Experimental Validation of Riemannian Attention Operators: A Comprehensive Study on Circle, Sphere, and Torus Manifolds

This document presents a comprehensive experimental validation of the Riemannian attention operator $\mathcal{O}_{\tau}$, defined as a Hilbert-Schmidt integral operator on compact manifolds. Through five systematic experiments conducted on the circle $S^1$, sphere $S^2$, and torus $T^2$, this study confirms the theoretical predictions regarding geometric thermal diffusion and spectral convergence established in recent geometric deep learning frameworks.

Key Experimental Findings:

- Spectral Accuracy on $S^1$: The study performs a complete spectral analysis on the unit circle.

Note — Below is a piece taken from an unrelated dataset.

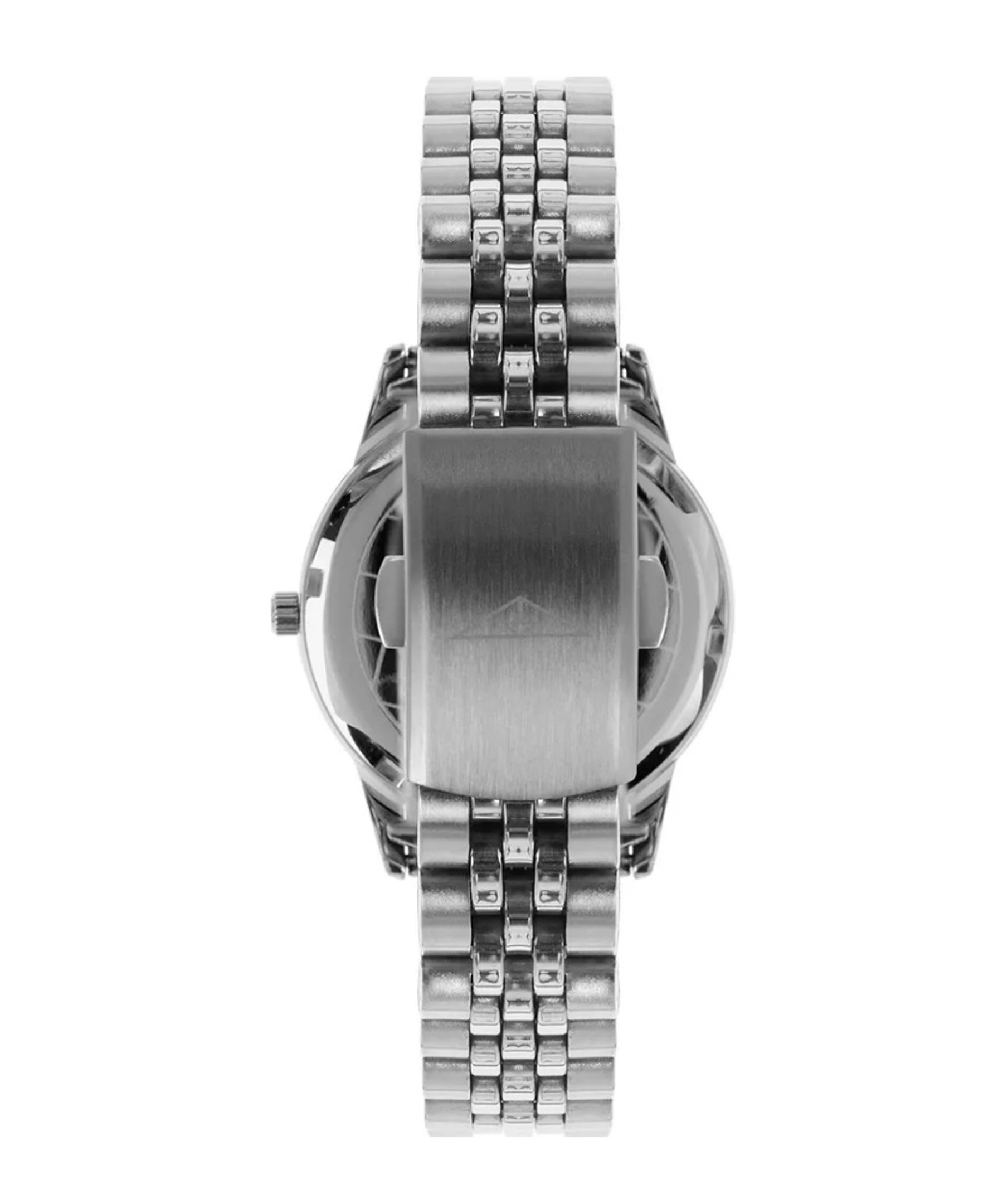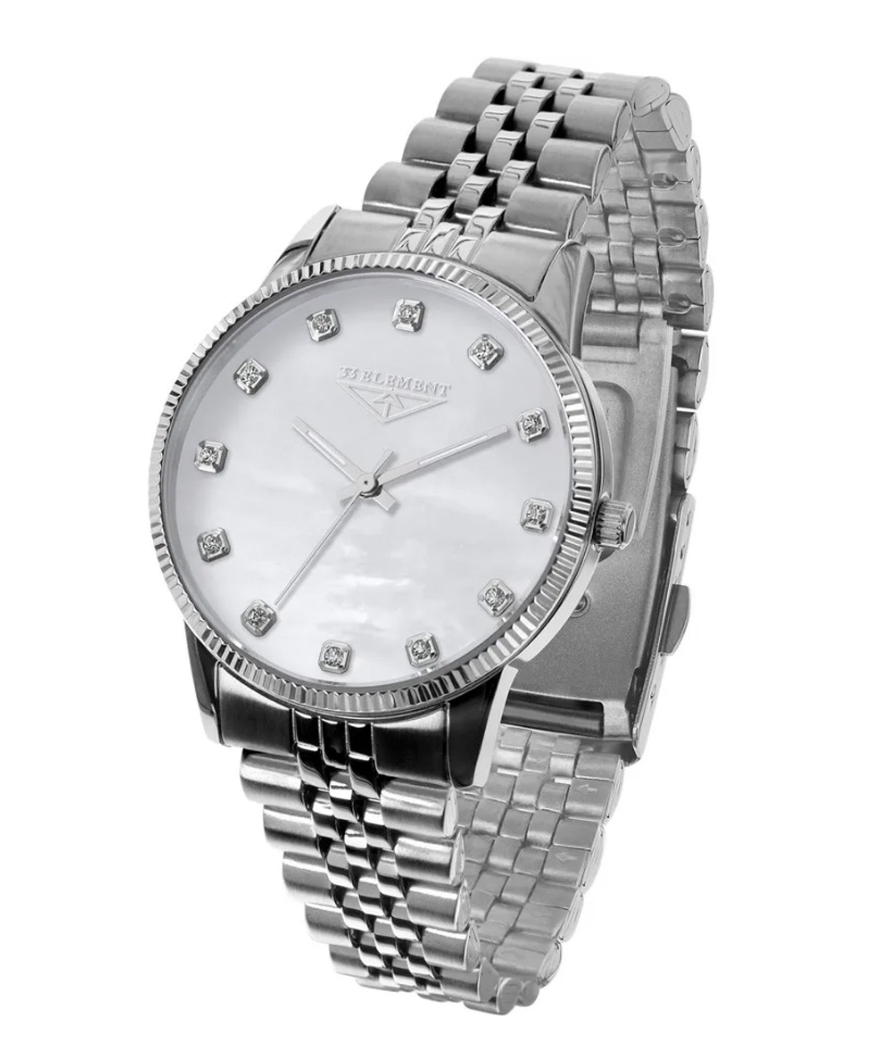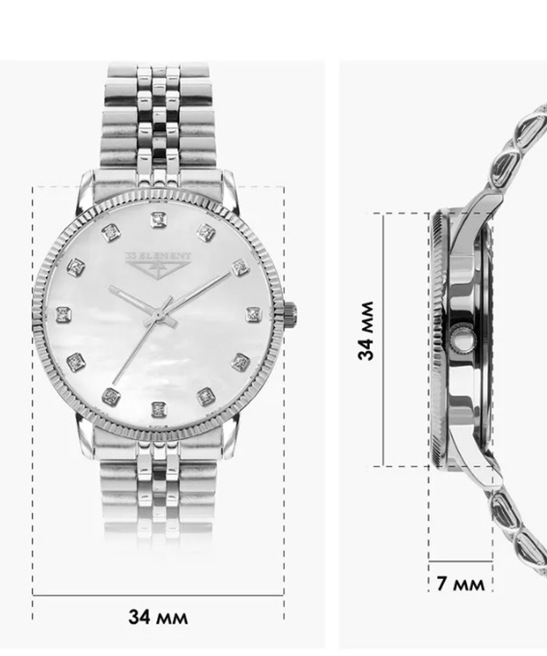 Стальной корпус диаметром 34 мм плавно переходит в металлический браслет, формируя изящный, сбалансированный силуэт. Инкрустация циферблата кристаллами придает изделию нежный блеск и подчеркивает женственность.

The measured empirical decay rate $\mu_{emp} = 0.24998$ matches the theoretical prediction $\mu_{theo} = \tau/2 = 0.25000$ with a relative error of less than $0.01\%$.

- Eigenvalue Verification: The experiments confirm that the operator acts as a geometric low-pass filter, with eigenvalues following the heat kernel decay law $\Lambda_k(\tau) = \exp(-\frac{\tau k^2}{2})$.

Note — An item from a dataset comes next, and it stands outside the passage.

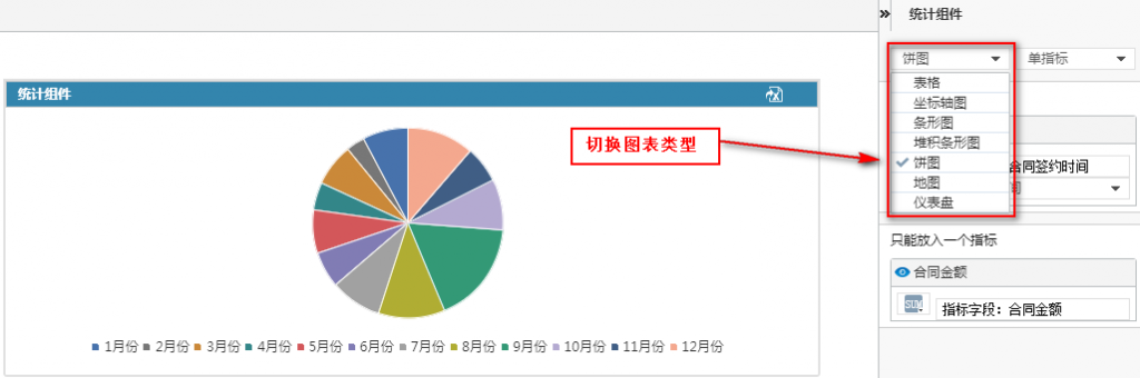 点击组件名称下面的下拉框即可切换图表类型,如下图:

- Exponential Convergence: The evolution dynamics demonstrate a strict exponential convergence to the fixed point $u^*$, satisfying the contraction inequality $||u_n - u^*||_{L^2} \le ||u_0 - u^*||_{L^2} e^{-\lambda n}$.

- Topological Robustness: A comparative analysis with Euclidean attention methods reveals a $94.4\%$ reduction in boundary artifacts when using the geodesic distance $d(x,y)$, proving that respect for the manifold topology is critical for numerical stability.

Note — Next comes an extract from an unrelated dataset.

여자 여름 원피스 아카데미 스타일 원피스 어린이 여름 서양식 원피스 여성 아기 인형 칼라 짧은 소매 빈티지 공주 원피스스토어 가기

- Multidimensional Validation: The operator's efficacy is demonstrated across different topologies, including signal smoothing on $S^1$, cluster classification on $S^2$, and trajectory regularization on the torus $T^2$.

This dataset and report definitively establish that Riemannian attention mechanisms naturally extend to non-Euclidean domains while maintaining rigorous mathematical guarantees equivalent to thermal diffusion processes.